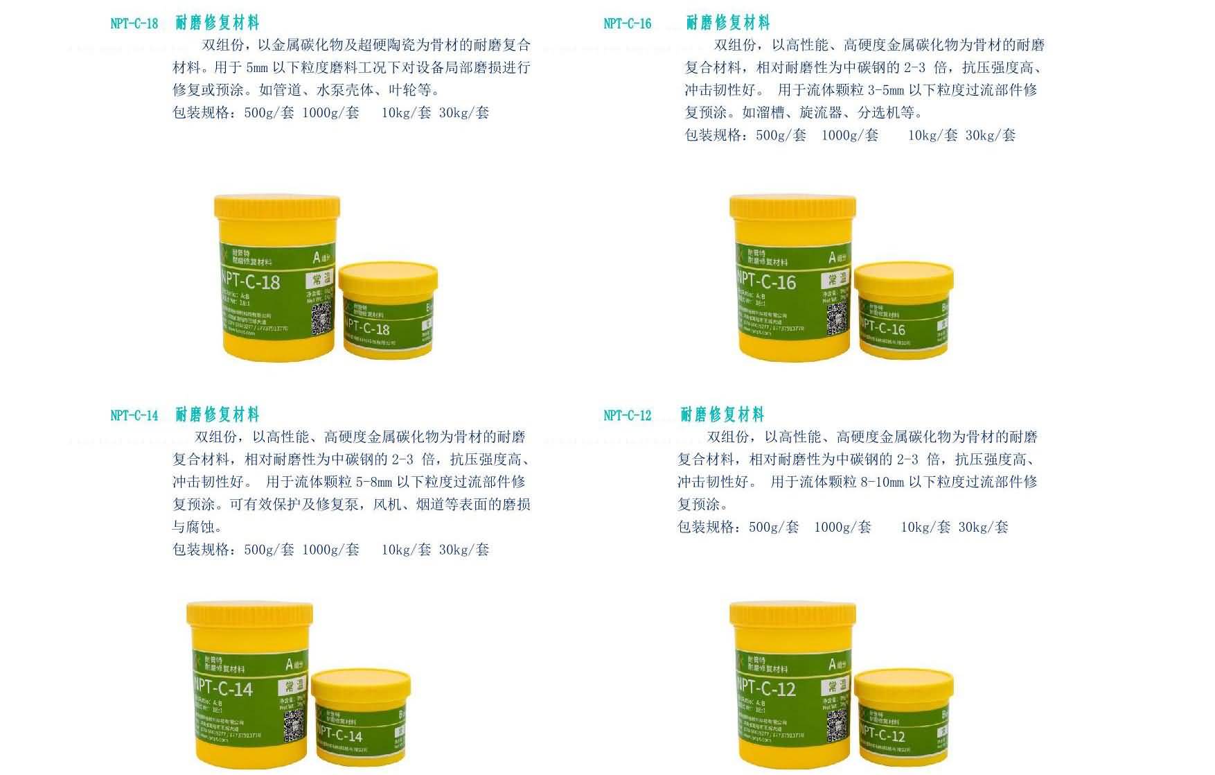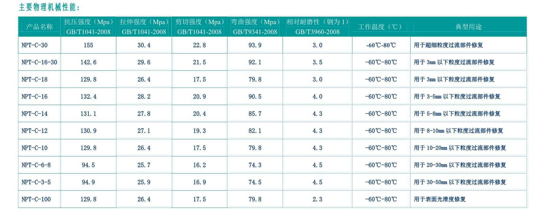 雙組分,以陶瓷、金屬碳化物、微型顆粒為骨材的耐磨復合材料,具有耐水、耐油、耐酸堿性。適用于(工作溫度在-60℃~80℃)設(shè)備過流沖蝕、設(shè)備的大面積修復、設(shè)備預涂耐磨層,如旋流器、浮選柱、浮選機、泡沫槽、分級機、攪拌桶、溜槽、管件類、泵類等修復(典型用途見主要物理機械性能表)。
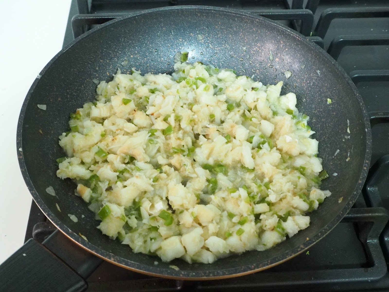 - Añadimos entonces el bacalao desmigado y removemos bien (no echamos sal porque el bacalao ya lleva). Dejamos hacer, removiendo de vez en cuando, hasta que quede todo bien hecho.
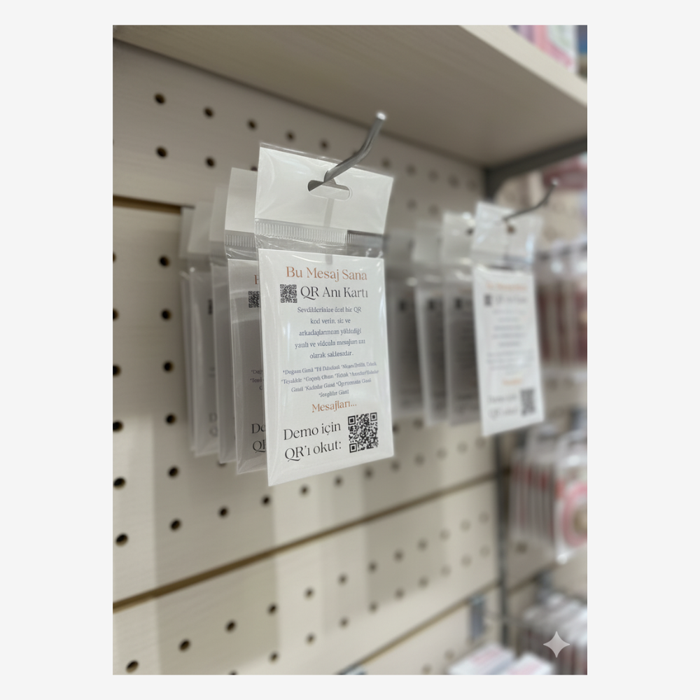 ⭐ Satışa hazır QR Mesaj/Video Kartı (askılı poşette)
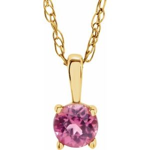 14K Yellow 3 mm Round October Imitation Pink Tourmaline Youth Birthstone 14" Necklace
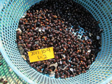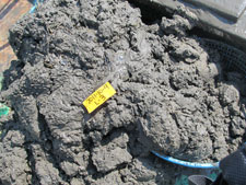 ライン2(河口堰下流域)→河口堰建設に伴う浚渫工事及び建設工事が始まってからの調査:1994年12月18日の調査からは、全てヘドロ状態でしたが、数年まえからは、ヘドロ(泥・土状態)の中にも少量の“ヤマトしじみ”の生息が確認され始めていました。

> **INSTRUCTIONS FOR THE TASK**:
Exactness is what counts here: copy each entry as given and omit its pictures.

> **EXPECTED ANSWER**:
 雙組分,以陶瓷、金屬碳化物、微型顆粒為骨材的耐磨復合材料,具有耐水、耐油、耐酸堿性。適用于(工作溫度在-60℃~80℃)設(shè)備過流沖蝕、設(shè)備的大面積修復、設(shè)備預涂耐磨層,如旋流器、浮選柱、浮選機、泡沫槽、分級機、攪拌桶、溜槽、管件類、泵類等修復(典型用途見主要物理機械性能表)。
 - Añadimos entonces el bacalao desmigado y removemos bien (no echamos sal porque el bacalao ya lleva). Dejamos hacer, removiendo de vez en cuando, hasta que quede todo bien hecho.
 ⭐ Satışa hazır QR Mesaj/Video Kartı (askılı poşette)
 14K Yellow 3 mm Round October Imitation Pink Tourmaline Youth Birthstone 14" Necklace
 ライン2(河口堰下流域)→河口堰建設に伴う浚渫工事及び建設工事が始まってからの調査:1994年12月18日の調査からは、全てヘドロ状態でしたが、数年まえからは、ヘドロ(泥・土状態)の中にも少量の“ヤマトしじみ”の生息が確認され始めていました。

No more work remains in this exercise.